Backbencher is a Chrome extension built for students who learn from video lectures. Instead of scrubbing through a 90-minute recording to find a specific concept, you can ask Backbencher a question and get a direct answer — grounded in what the lecturer actually said.
What it does
The extension works in two modes:
- Summarise — Generates a structured summary of the lecture, broken down by topic. Great for quick revision or deciding whether a particular lecture is worth watching in full.
- Chat — Ask anything about the video. “What did the lecturer say about attention mechanisms?” or “Summarise the part about gradient descent” — Backbencher retrieves the relevant transcript segments and generates a response from them.
Both modes work without ever sending the full transcript to the model on every query.
The RAG pipeline
The core challenge was context length. A 90-minute lecture transcript can be 15,000+ tokens — well beyond what you’d want to stuff into every prompt, both for cost and latency reasons.
The solution was a retrieval-augmented generation pipeline:
- The transcript is chunked and embedded on the client.
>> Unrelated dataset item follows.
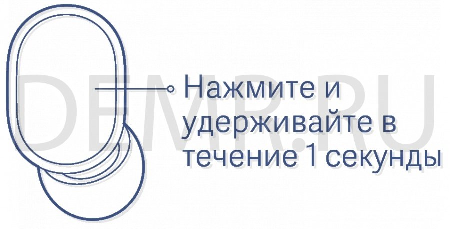 - Не извлекая наушники из кейса зажмите сенсорные кнопки в верхней части наушника на 10-20 секунд. Лучше всего использовать для этого два пальца.Индикатор на обеих наушниках должен загореться и замигать.

- The user’s question is embedded and used to retrieve the top-k most relevant chunks via cosine similarity.
- Only those chunks are passed to the LLM, keeping the prompt tight and the response fast.
This meant the per-query token cost dropped significantly compared to naive full-transcript prompting.
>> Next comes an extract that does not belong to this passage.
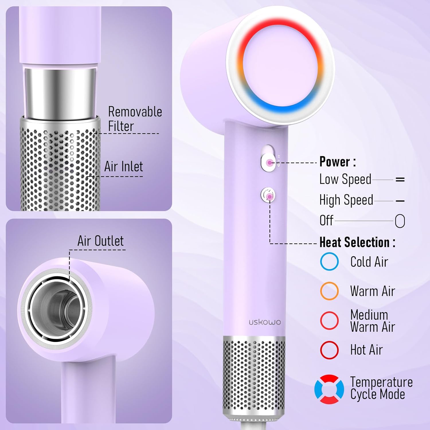 • 【1800 Watt High Speed Brushless Motor】USKOWO hair dryer is equipped with a 160, 000 rpm high-speed brushless motor.which can instantly generate strong airflow to quickly dry hair. Faster drying means time-saving and less damage to your hair.

Multi-agent token optimisation
The bigger architectural challenge was storage and retrieval across sessions. Embedding and storing a full transcript per video, per user, per session was expensive at scale.
The solution was a multi-agent system where a coordinator agent routes incoming requests to specialised sub-agents:
- A transcript agent handles chunking, embedding, and caching — so the same lecture isn’t re-processed if another user has already watched it.
- A retrieval agent handles similarity search and context assembly.
- A generation agent handles the final prompt construction and LLM call.
This separation made it easy to swap models, tune retrieval independently of generation, and keep token usage auditable per agent.
Beyond engineering
Backbencher wasn’t just a technical build — I also handled the marketing and brand design: the visual identity, the landing page, and the growth strategy. Working across both sides of the product gave me a much clearer picture of how feature decisions affect user perception, and vice versa.